Apologies for the delay. I have just got a paying job – two, in fact – and had a busy weekend with book club, going to see Catching Fire, and Sunday lunch round my boyfriend’s parents. I’ve been working hard on preparing Brother Wolf for publication, because it’s in need of extensive re-writing to make the story a bit more dynamic than the first few drafts were. Hopefully I’ll be able to get the next review up sooner, but with Christmas imminent normal scheduling goes out the window. In the new year I have a three-day working week, so things might be a little more balanced out.
The break also helped me detox from the excitement of the premiere episodes and get myself back into expecting slice-of-life pony drama – with the obvious twists the writers of this fantastic show always seem to insert.
Anyway, this week’s plot is that Rainbow Dash is excited four months in advance of the new Daring Do book. Note the word ‘book’: Daring Do is a fictional character. Or so I believe on first encounter with this plot. (Bear with me here. I write while I’m watching, so I record my initial reaction to the plot — written after the episode finished and in summing up.)
The other ponies couldn’t be more …apathetic if they tried. RD is a big fan, but the other. Twilight knows the publishing schedules of her favourite novelist… A K Yearling.
A K Yearling. Honestly. I’m not sure whether to groan at the pun or salute the writers on their large and inventive horse vocabulary. (Let’s try working ‘Tesco’s Delicatessen’ into an episode next year.) Yearling has pushed her book release back two months. And the loyal fan RD is obsessed with seeking out Ms Yearling (who writes about a female action hero, a neat touch). Ms Yearling lives in a remote part of Equestria, so the ponies set out to try and find her and ask whether they could help her.
There’s an excellent visual gag. A red line is drawn over a map. Pinkie Pie is actually painting the line along the ground.
Uh-oh. Yearling’s house is abandoned and trashed. Pinkie reckons she’s just a slob, but RD is more concerned that the lack of an author means no more books.
But they finally meet her when she returns, and accuses the Mane 6 of trashing the place. It seems she’s hiding an artifact, a ring of gold. Twilight insists RD leave Yearling alone, but…duh duh duhnnn!
“You should tell that to those guys.” Three ne’er-do-wells (mare do-wells? Well, they’re stallions…)…three intruders are getting in at the upstairs window. They watch as, in a very surprising twist, A K Yearling turns into …DARING-DO!
That’ll learn me to second-guess fan comments on t’interwebz. The intruders seem to be after the ring. After a scrap, it lands on the floor in front of Dr Caballeron, another character from the books. Cue obviously ridiculous Indiana Jones plot, dooming the Valley of Wherever to eight centuries of DOOOOOOOOM.

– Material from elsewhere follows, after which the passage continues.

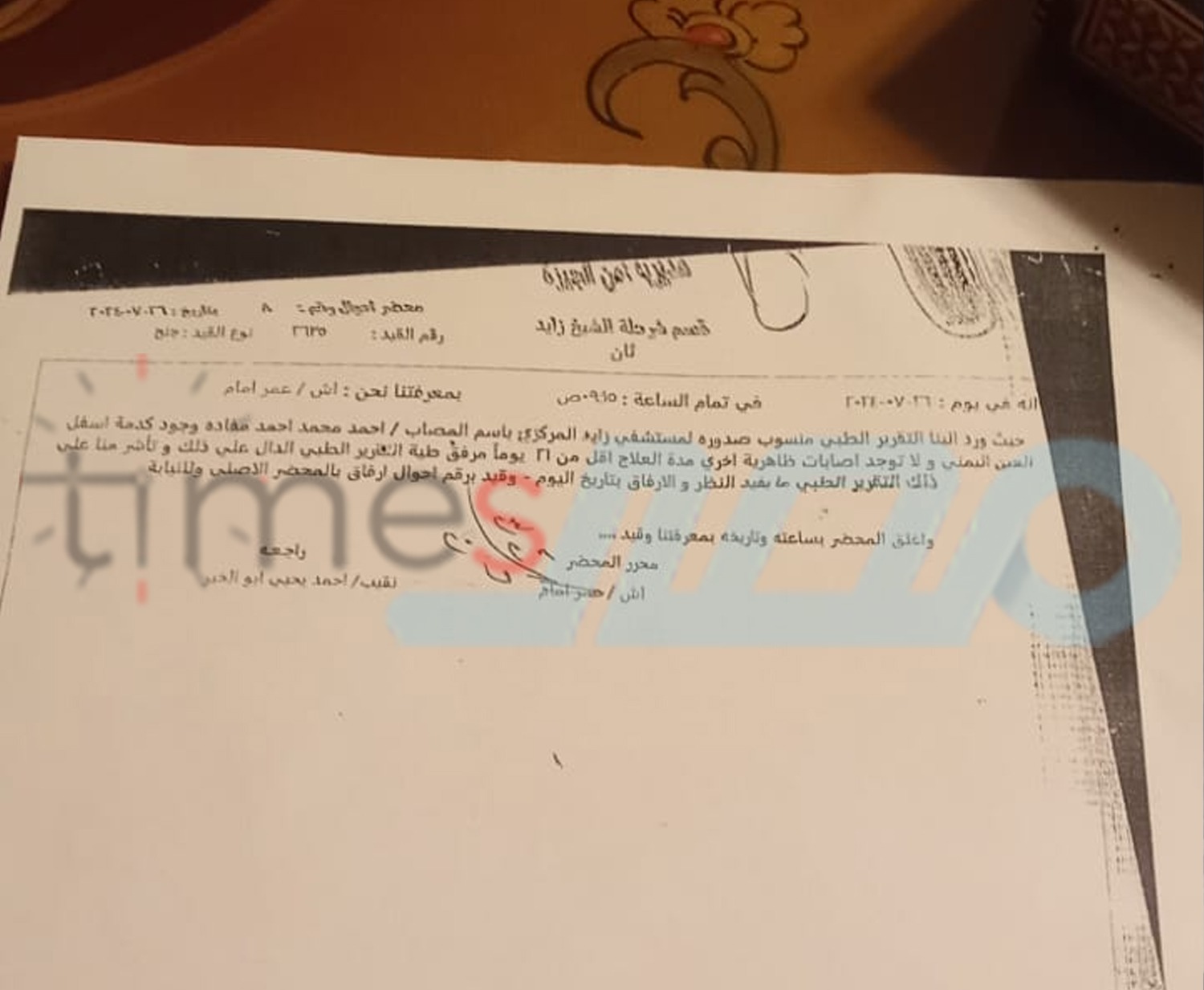 وتضمن التقرير الطبي الخاص بحالة المجني عليه مدير مركز صيانة السيارات: التقرير منسوب صدوره لمستشفى زايد المركزي باسم المصاب "أحمد. م. أ"، مفاده وجود كدمات أسفل العين اليمنى ولا توجد إصابات ظاهرية أخرى.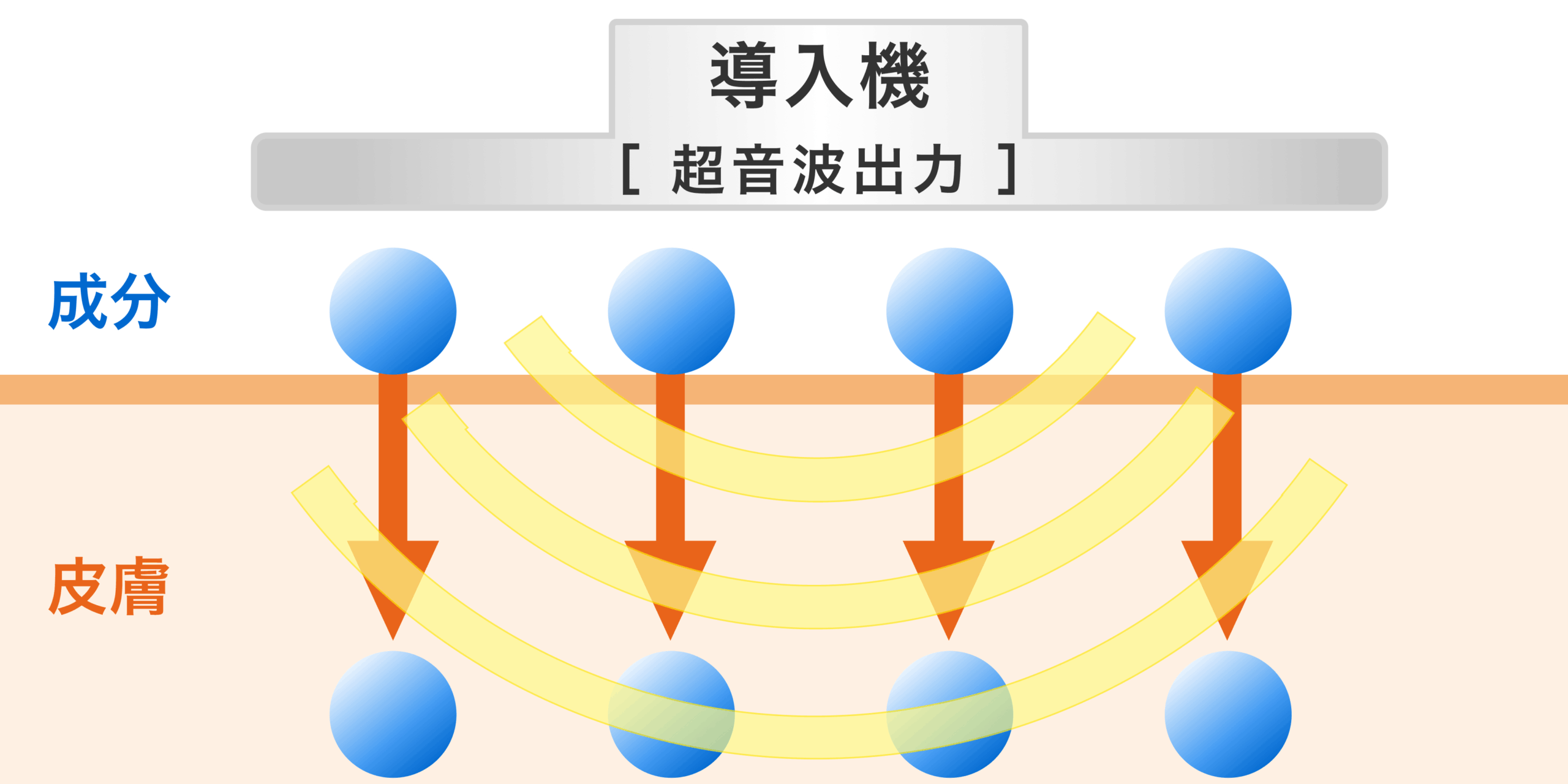 ソノフォレーシスとは、音波の振動により角質層のバリアにキャビテーション現象(空洞形成)を起こし、その空洞内に物質を移動させることを言います。そうすることで比較的大きな分子量のものでも浸透しやすくなります。ソノフォレーシスを使用すると有効成分の浸透はただ塗るだけより約40〜100倍高まることが分かってきています。

Okie-dokie-lokey. The moral becomes clear – Daring-Do doesn’t want help. RD wants to help her. The books seem to hold some clue to Twilight’s assessment of her book. I’ve lost track of the various plotlines of the adventure books, but it seems to be instrumental in the arguments as to whether DD needs help or not.
They’ll need a plan. “I’M COMING, DARING-DO!” Uh, that’s not a plan. Just another adventure. RD gets a bit starstruck over working alongside DD and wastes a few minutes beating herself up, with DD a little scathing of her demonstrations of “quick wit and courage”. DD has a few trust issues and “secrets”. This could go one of two ways: DD learning the value of trust, or RD learning to leave people the f… alone.
She tags along behind a frustrated and cynical DD, who uses a cheesy ambush idea to lure Caballeron and his henchmen. As Caballeron and DD are sealing the deal, Zodo, mentioned in the original opening sequence, invades the clearing. DD uses a little bit of wit to confront Zodo, who has a “proposal of his own”. RD is a little non-plussed, as you might imagine, and gets in the way during the climactic battle…leading to DD’s capture.
I’m leaning towards my latter moral at this point, with RD learning that moral right now, in fact, so there’s an additional situation. My hero doesn’t need my help. But that doesn’t sound like the usual Rainbow Dash: and she’s put her up on so much of a pedestal RD no longer sees her own worth.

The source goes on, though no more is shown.